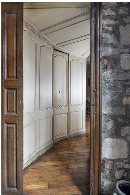
Aile nord. Entrée de l'appartement du premier étage. 39, Salins-les-Bains, 13 rue de la Liberté
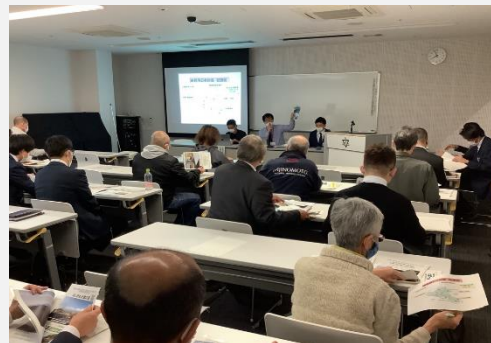
〈民間事業者への説明会〉
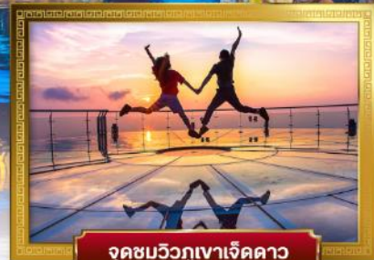
จุดชมวิวกูเขาเจ็ดดาว
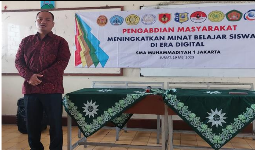
Saat pembukaan kegiatan PKM , tampak Kepala Sekolah SMA Muhammadiyah 1 Jakarta, saat memberikan sambutan dan mengucapkan terima atas ilmu yang akan diberikan pada anak didiknya

* _Description of the task_:
Exact repetition of the data is needed, with no images retained.

* _Task result_:
Aile nord. Entrée de l'appartement du premier étage. 39, Salins-les-Bains, 13 rue de la Liberté
〈民間事業者への説明会〉
จุดชมวิวกูเขาเจ็ดดาว
Saat pembukaan kegiatan PKM , tampak Kepala Sekolah SMA Muhammadiyah 1 Jakarta, saat memberikan sambutan dan mengucapkan terima atas ilmu yang akan diberikan pada anak didiknya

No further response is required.